What you should do:
What is needed is an exact copy of the entries, with the pictures excluded.

[Data extracted from a collection]
# # # # #

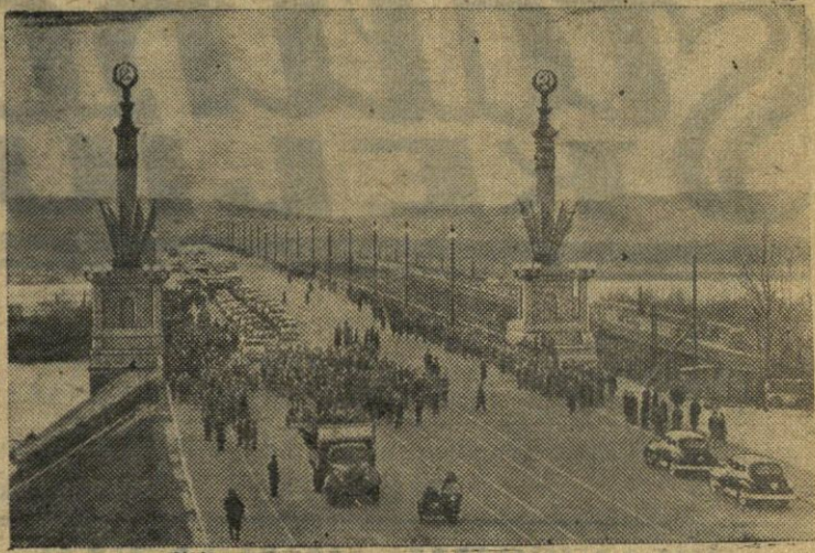
Kijeve iškilmingai atidarytas ištisinės metalinės konstrukcijos tiltas per Dnieprą. Jis suungė Tarybų Ukrainos sostinės centrinę dalį su stambiausiu miesto pramoniniu rajonu — Darnice. Nuotraukoje: tilto vaizdas iš Darnicės pusės. (TASS).
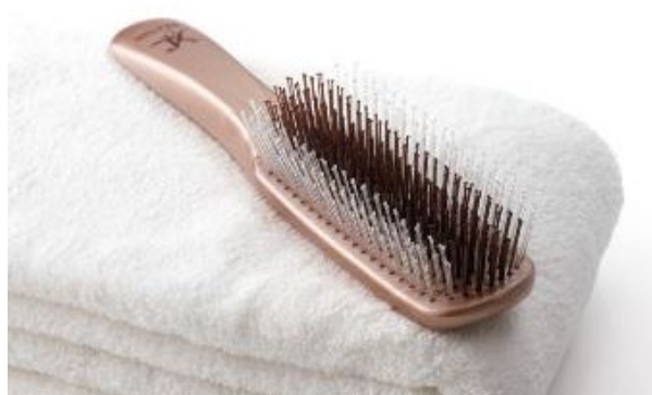
「エックスリ्यूクス エグゼティシャン スカルプブラシ」
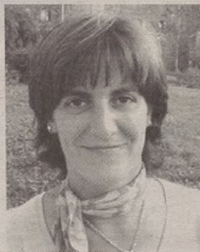
TERE DESKARGA 33 urte

Herri txikixetan politikuak alkarrekin ez egotia lanerako prest dagon jendia atzera bota leike. Proiektu abertzalia eruan bihar leukie batera.
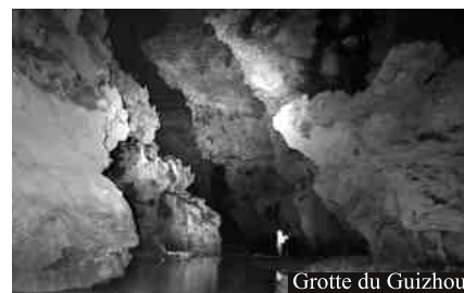
Grotte du Guizhou

Leur deuxième semaine se déroule dans le Guizhou où la rivière Shuanghe se fraye un passage au
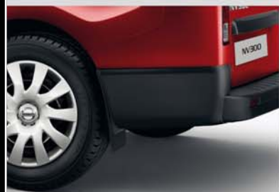
Schmutzfänger vorne und hinten (110, 111)
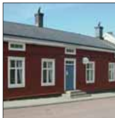
Bagarstugan Café & Vin Ekonomiegatan 2 Mariehamn
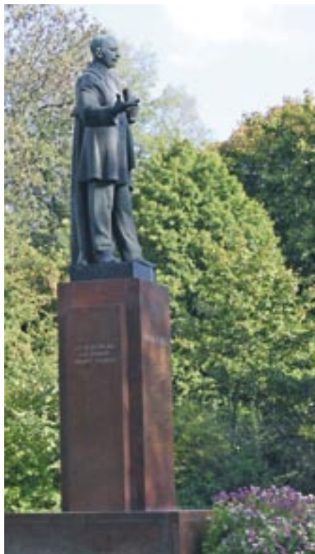
Pomnik Edwarda M. House'a w Parku Skaryszewskim.

W 1916 roku House poznał polskiego pianistę Ignacego Paderewskiego, który przyjechał do Ameryki ze swoją humanitarną misją dla Polski. W tym czasie przez ziemie polskie przechodził front działań wojennych, szerząc zniszczenia i głód. Ignacy Paderewski organizował pomoc, którą Amerykanie przesyłali do Europy. W tym czasie Stany Zjednoczone były jeszcze neutralne, a pomoc dla narodów dotkniętych wojną była niezwykle hojna. Społeczeństwo amerykańskie było przychylnie bardziej Polakom niż sprawie niepodległości Polski.
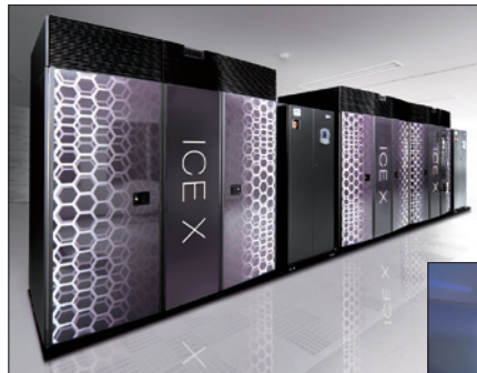
統計科学スーパーコンピュータシステム「I」
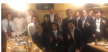
セミナー後の懇親会にて。

つまり、自社の手の内を丸裸にしたわけですが、出し惜しみすることなく、生々しい話まで赤裸々に語ったためか、非常に好評を頂く結果で終わることができました。
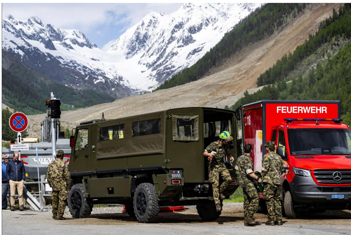
Armáda je připravená zasáhnout s pomocí čerpadel, bagrů a další těžké techniky, aby pomohla ulevit tlaku na řece Lonza, která je přítokem Rhôny. Čeká, až to podmínky v oblasti dovolí.
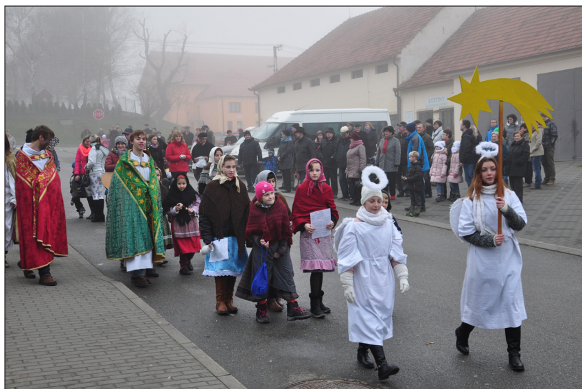
25. 12. 2015 – Živý betlém – průvod vyráží od radnice.
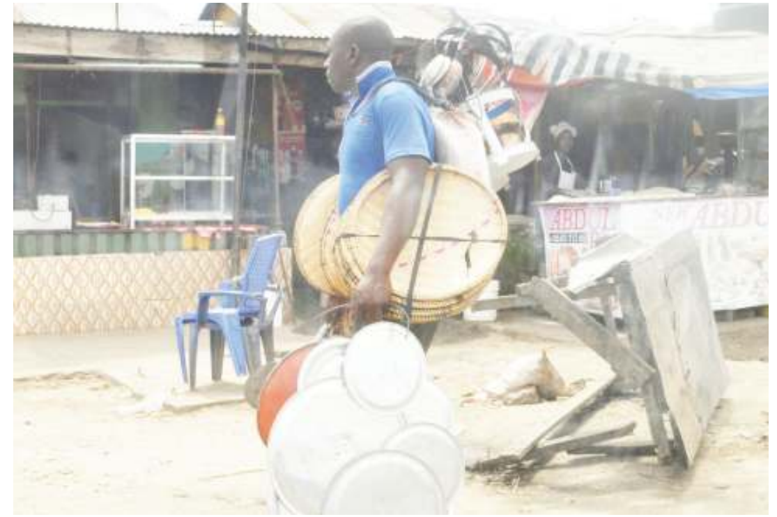
Mchuzi akitembeza bidhaa zake, katika eneo la Mabibo, jijini Dar es Salaam jana.
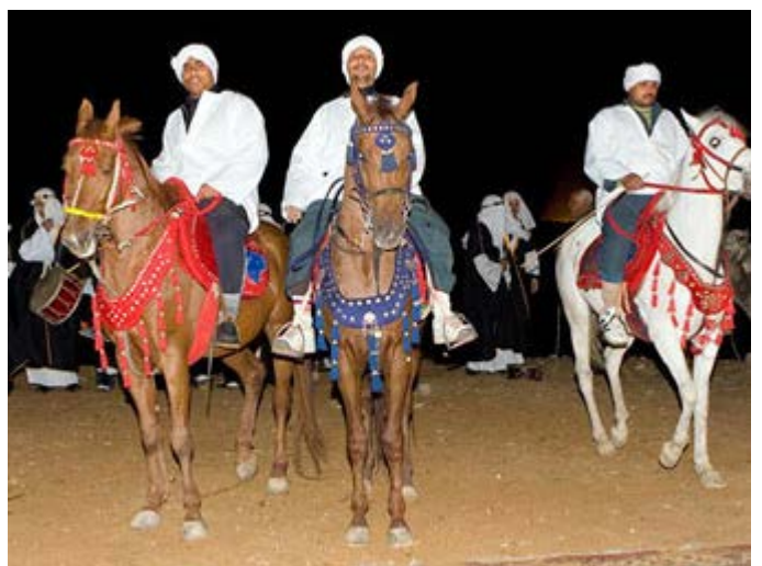
Bienvenida con caballos y danzas
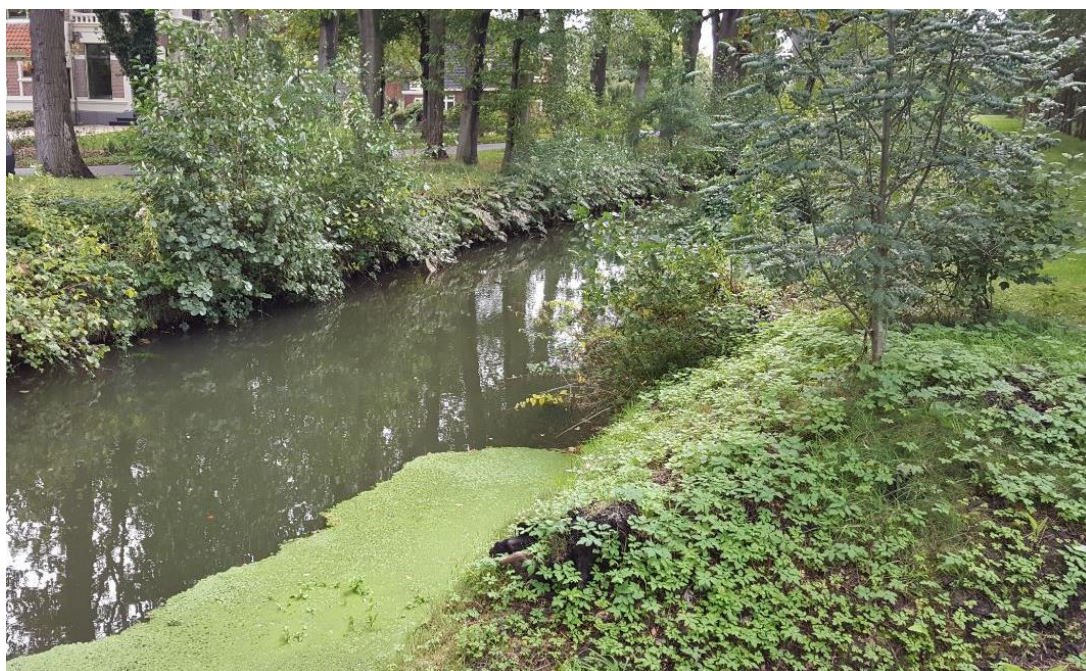
Figuur 4: Foto locatie tijdens veldbezoek op 2 oktober 2018 (bovenstroomse zijde).
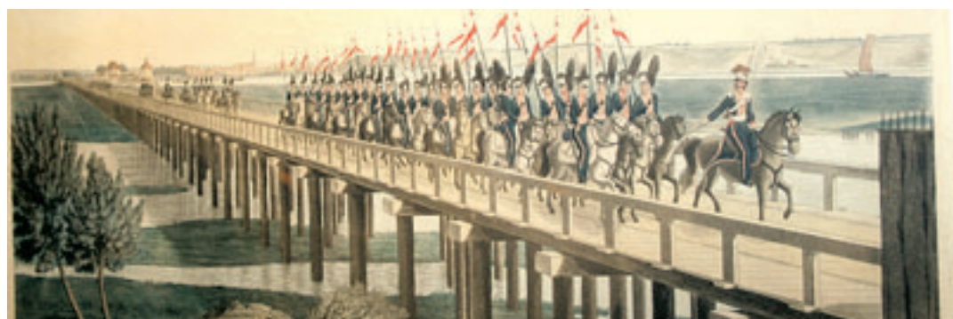
Südlicher Teil der napoleonischen Holzbrücke über die Elbe, erbaut in 83 Tagen. Die Gesamtlänge der Brücke betrug 15173 Fuß.

Seit 1933 befinden sich zwei große, vergoldete Schlüssel im Helms-Museum. Sie sollten am 13. August 1810 durch den Harburger Bürgermeister Hansing an Jerome Bonaparte, Napoleons Bruder und König des Königreichs Westfalen aus Anlass seiner Reise nach Hamburg übergeben werden. Doch König Jerome hatte wenig Interesse daran. Er ließ sich lieber zum Tafeln in das Harburger Schloss kutschieren.

# # # # #

Answer box:
Kijeve iškilmingai atidarytas ištisinės metalinės konstrukcijos tiltas per Dnieprą. Jis suungė Tarybų Ukrainos sostinės centrinę dalį su stambiausiu miesto pramoniniu rajonu — Darnice. Nuotraukoje: tilto vaizdas iš Darnicės pusės. (TASS).
「エックスリ्यूクス エグゼティシャン スカルプブラシ」
TERE DESKARGA 33 urte

Herri txikixetan politikuak alkarrekin ez egotia lanerako prest dagon jendia atzera bota leike. Proiektu abertzalia eruan bihar leukie batera.
Grotte du Guizhou

Leur deuxième semaine se déroule dans le Guizhou où la rivière Shuanghe se fraye un passage au
Schmutzfänger vorne und hinten (110, 111)
Bagarstugan Café & Vin Ekonomiegatan 2 Mariehamn
Pomnik Edwarda M. House'a w Parku Skaryszewskim.

W 1916 roku House poznał polskiego pianistę Ignacego Paderewskiego, który przyjechał do Ameryki ze swoją humanitarną misją dla Polski. W tym czasie przez ziemie polskie przechodził front działań wojennych, szerząc zniszczenia i głód. Ignacy Paderewski organizował pomoc, którą Amerykanie przesyłali do Europy. W tym czasie Stany Zjednoczone były jeszcze neutralne, a pomoc dla narodów dotkniętych wojną była niezwykle hojna. Społeczeństwo amerykańskie było przychylnie bardziej Polakom niż sprawie niepodległości Polski.
統計科学スーパーコンピュータシステム「I」
セミナー後の懇親会にて。

つまり、自社の手の内を丸裸にしたわけですが、出し惜しみすることなく、生々しい話まで赤裸々に語ったためか、非常に好評を頂く結果で終わることができました。
Armáda je připravená zasáhnout s pomocí čerpadel, bagrů a další těžké techniky, aby pomohla ulevit tlaku na řece Lonza, která je přítokem Rhôny. Čeká, až to podmínky v oblasti dovolí.
25. 12. 2015 – Živý betlém – průvod vyráží od radnice.
Mchuzi akitembeza bidhaa zake, katika eneo la Mabibo, jijini Dar es Salaam jana.
Bienvenida con caballos y danzas
Figuur 4: Foto locatie tijdens veldbezoek op 2 oktober 2018 (bovenstroomse zijde).
Südlicher Teil der napoleonischen Holzbrücke über die Elbe, erbaut in 83 Tagen. Die Gesamtlänge der Brücke betrug 15173 Fuß.

Seit 1933 befinden sich zwei große, vergoldete Schlüssel im Helms-Museum. Sie sollten am 13. August 1810 durch den Harburger Bürgermeister Hansing an Jerome Bonaparte, Napoleons Bruder und König des Königreichs Westfalen aus Anlass seiner Reise nach Hamburg übergeben werden. Doch König Jerome hatte wenig Interesse daran. Er ließ sich lieber zum Tafeln in das Harburger Schloss kutschieren.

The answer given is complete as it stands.